Haydn’s oratorio Die Schöpfung (The Creation) is one of the enduring miracles of classical music: a work of visionary scope and life-affirming freshness, created by a composer approaching his 70th birthday. Sir Georg Solti was nearing the end of his long and extraordinary career when he made this unique recording under studio conditions in the Herkulessaal, Munich – and in the Bavarian Radio Symphony Orchestra and Chorus, he could hardly have had more inspirational collaborators. With a trio of handpicked soloists, the result is a performance with an unforgettable atmosphere: a deeply moving meeting of two of music’s most irrepressible spirits.

Solti conducts Bruckner: Symphony No. 2

It’s almost a cliché to describe Bruckner’s symphonies as “cathedrals in sound”, and especially when the symphony in question is the Second: perhaps Bruckner’s most personal homage to the Viennese classical tradition. But there’s an unmistakable synergy between visuals and music in this live performance from the magnificent Romanesque cathedral at Speyer in Bavaria, with Sir Georg Solti conducting the Stuttgart Radio Symphony Orchestra in a setting steeped in the south German Catholic tradition that Bruckner loved so much. Solti brought an irrepressible energy to everything he conducted, and this is no exception. The result is a near-perfect meeting of music and architecture.

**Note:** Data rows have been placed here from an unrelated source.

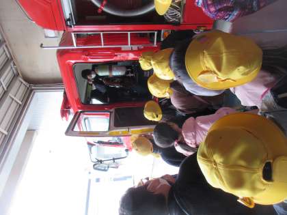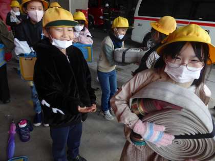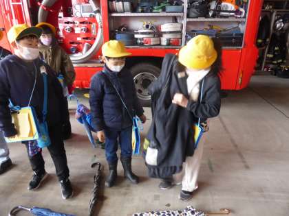 消防士さんの救助に行くときの服や、ホースを持たせていただきました。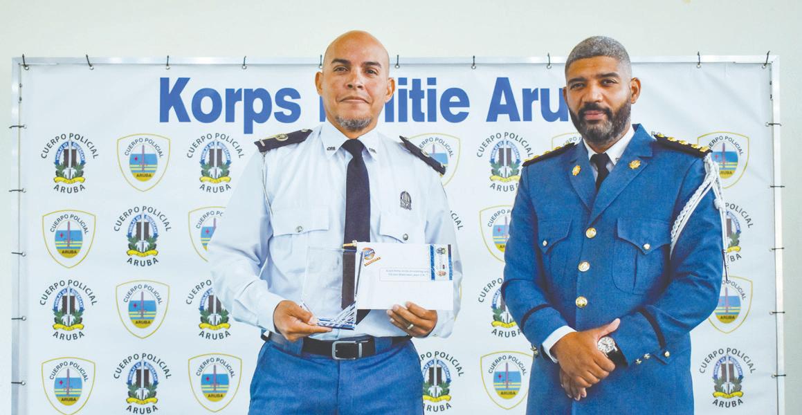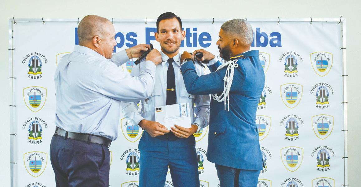 Den un evento ameno na auditorium di J.FK. altocomisario di Polis Sr. Ramon Arnhem a haci entrega di decreto gubernamental, hubilario y reconocimento na agentenan policial y personal administrativo. Altocomisario Arnhem a cambia rango di un agente policial extra ordinario cu durante su trabou como agente policial a haya un accidente pisa cu t’e ainda e ta recuperando di su salud. Ta trata aki di polis A. CROES. Un polis cu maske tur e retonan cu ela wordo confronta cune a keda positivo y sigui brinda Aruba cu su servicio sin igual. Cu su pasion y determinación nos ta mira cu e tin e curason di Polis pa maske con difícil e circumstancianan por ta, e la sigui padilanti. Nos ta yama Sr. CROES danki pa su determinación y awor por conta cu un rango mas halto for di Brigadier eerste klasse pa Hoofdagent.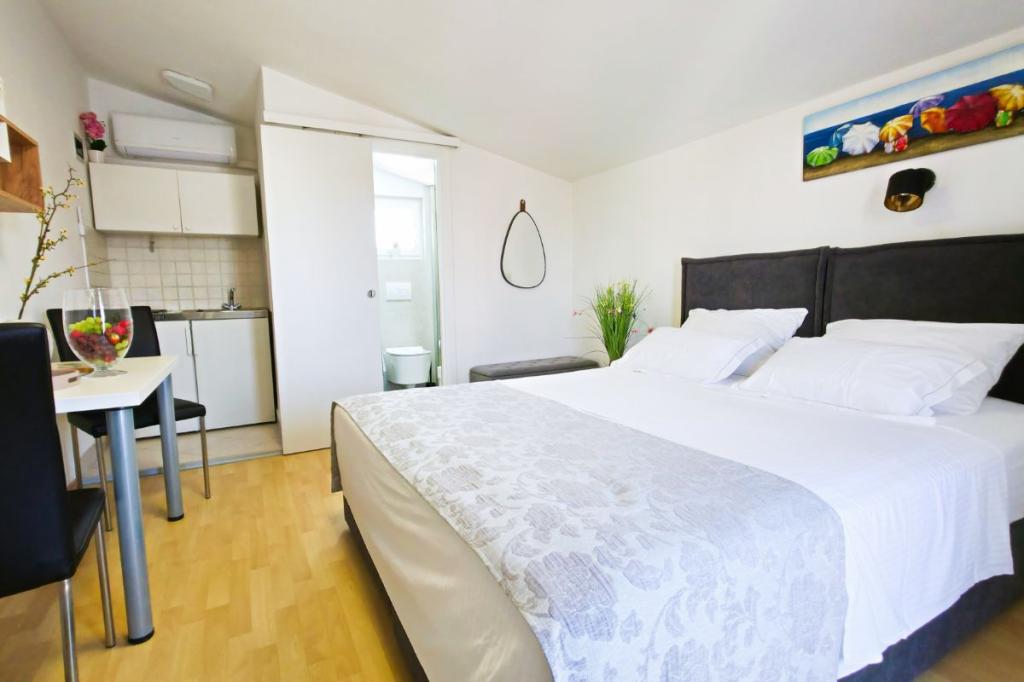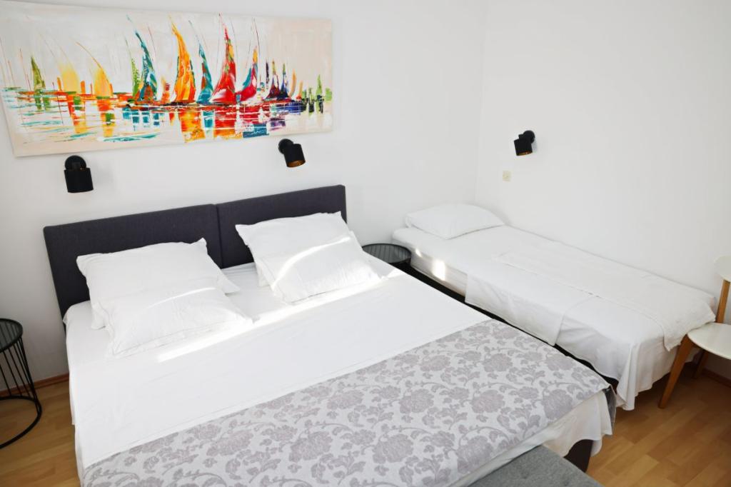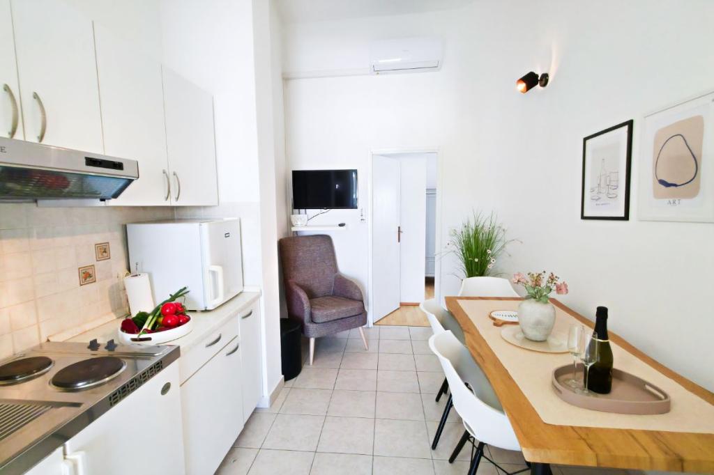 Apartamenty Tri Ferala położone są w samym centrum Pakoštane, zaledwie kilka kroków od głównego placu, sklepów, kawiarni, restauracji i targu rybnego. Apartamenty znajdują się nad słynną restauracją Tri Ferala, oferując spokój, prywatność i wygodę, a z tarasów roztacza się widok na malownicze uliczki Pakoštane. Plaża Janice, chętnie odwiedzana przez mieszkańców i turystów, oddalona jest o zaledwie 300 metrów. Jeśli szukasz zakwaterowania oferującego wygodę, dogodną lokalizację i autentyczne dalmatyńskie doznania, Apartamenty Tri Ferala są doskonałym wyborem. Zapytania prosimy przesyłać wyłącznie za pomocą formularza kontaktowego. Cennik jest aktualny i poprawny.

Solti conducts Bruckner & Stravinsky

Few of Bruckner’s symphonies cost Bruckner more dearly than his Third – and after his hero Richard Wagner praised its inspiration, few brought him more pride. In the last decade of his long and remarkable career Sir Georg Solti was conducting with more insight than ever, bringing an energy and an imaginative fire that was the envy of maestros half his age. This live recording from the Philharmonie am Gasteig in Munich finds him paired with the Bavarian Radio Symphony Orchestra – an ensemble perfectly in tune with Bruckner’s sound world, but every bit as brilliant (and as communicative) in Stravinsky’s dazzling, American-inspired Symphony in Three Movements.